::: INPUT DATA :::
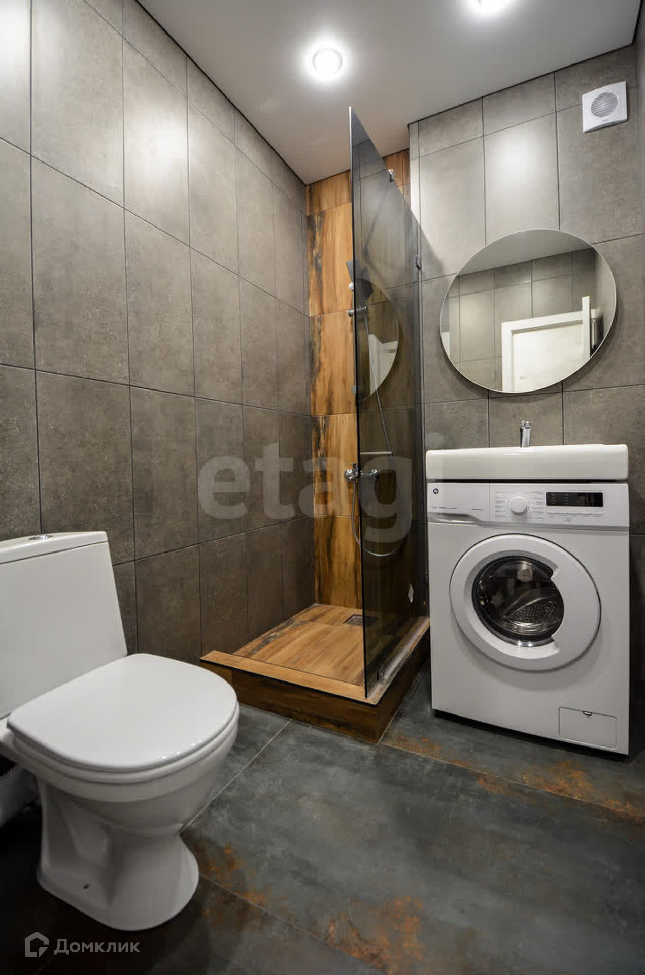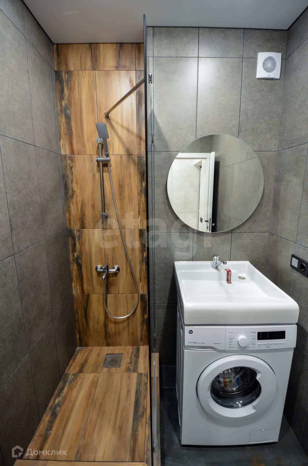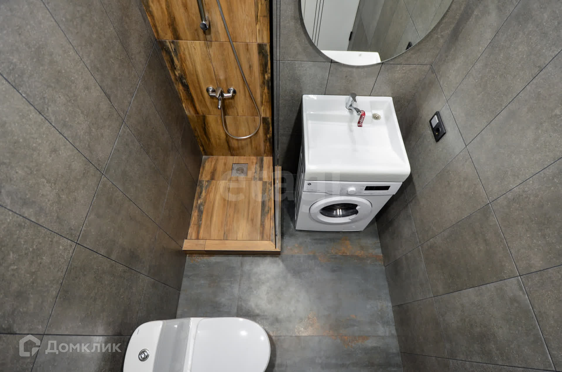 Студия оборудована совмещённым санузлом с душевой кабиной, раковиной и стиральной машиной, что обеспечивает максимальный комфорт и удобство. Грамотно спроектированная гарнитура санузла добавляет ощущение простора.
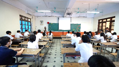 Học sinh lắng nghe Giáo viên chủ nhiệm phổ biến nội quy, quy chế, chương trình và lịch học
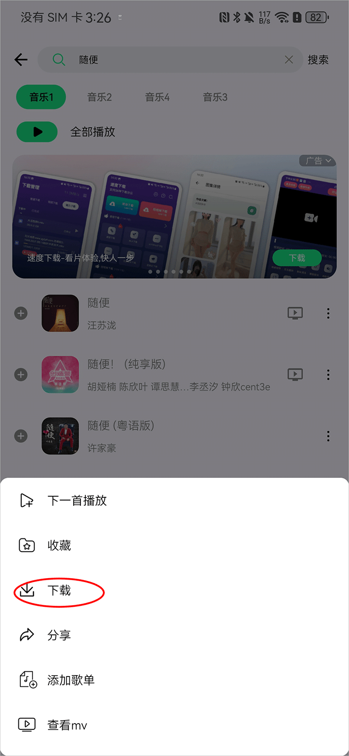 3、点击你要下载的那首歌曲后面的三点图标
:::
■ **WHAT THE TASK ASKS**
From the line containing "Học sinh lắng" to the end of the listing, restate each line word for word and nothing more; the pictures stay out.

■ **THE COMPLETED TASK**
 Học sinh lắng nghe Giáo viên chủ nhiệm phổ biến nội quy, quy chế, chương trình và lịch học
 3、点击你要下载的那首歌曲后面的三点图标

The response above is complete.